DATASET EXTRACT:
####

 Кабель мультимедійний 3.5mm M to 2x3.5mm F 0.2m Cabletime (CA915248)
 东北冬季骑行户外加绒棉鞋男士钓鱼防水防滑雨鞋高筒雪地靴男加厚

####

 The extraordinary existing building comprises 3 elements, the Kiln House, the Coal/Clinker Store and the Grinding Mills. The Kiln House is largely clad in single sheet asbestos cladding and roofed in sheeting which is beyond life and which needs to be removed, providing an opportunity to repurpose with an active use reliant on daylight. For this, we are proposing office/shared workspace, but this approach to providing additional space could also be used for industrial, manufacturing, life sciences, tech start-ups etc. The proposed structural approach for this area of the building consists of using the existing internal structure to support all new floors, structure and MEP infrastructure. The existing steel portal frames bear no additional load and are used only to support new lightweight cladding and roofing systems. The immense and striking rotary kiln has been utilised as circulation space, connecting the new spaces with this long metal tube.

####

TASK DIRECTIONS: Among the entries above, the lines between the ones containing "Кабель мультимедійний 3.5mm" and "东北冬季骑行户外加绒棉鞋男士钓鱼防水防滑雨鞋高筒雪地靴男加厚", inclusive, are to be transcribed exactly. No other line is to be given.

SOLUTION FOR THIS EXERCISE:
 Кабель мультимедійний 3.5mm M to 2x3.5mm F 0.2m Cabletime (CA915248)
 东北冬季骑行户外加绒棉鞋男士钓鱼防水防滑雨鞋高筒雪地靴男加厚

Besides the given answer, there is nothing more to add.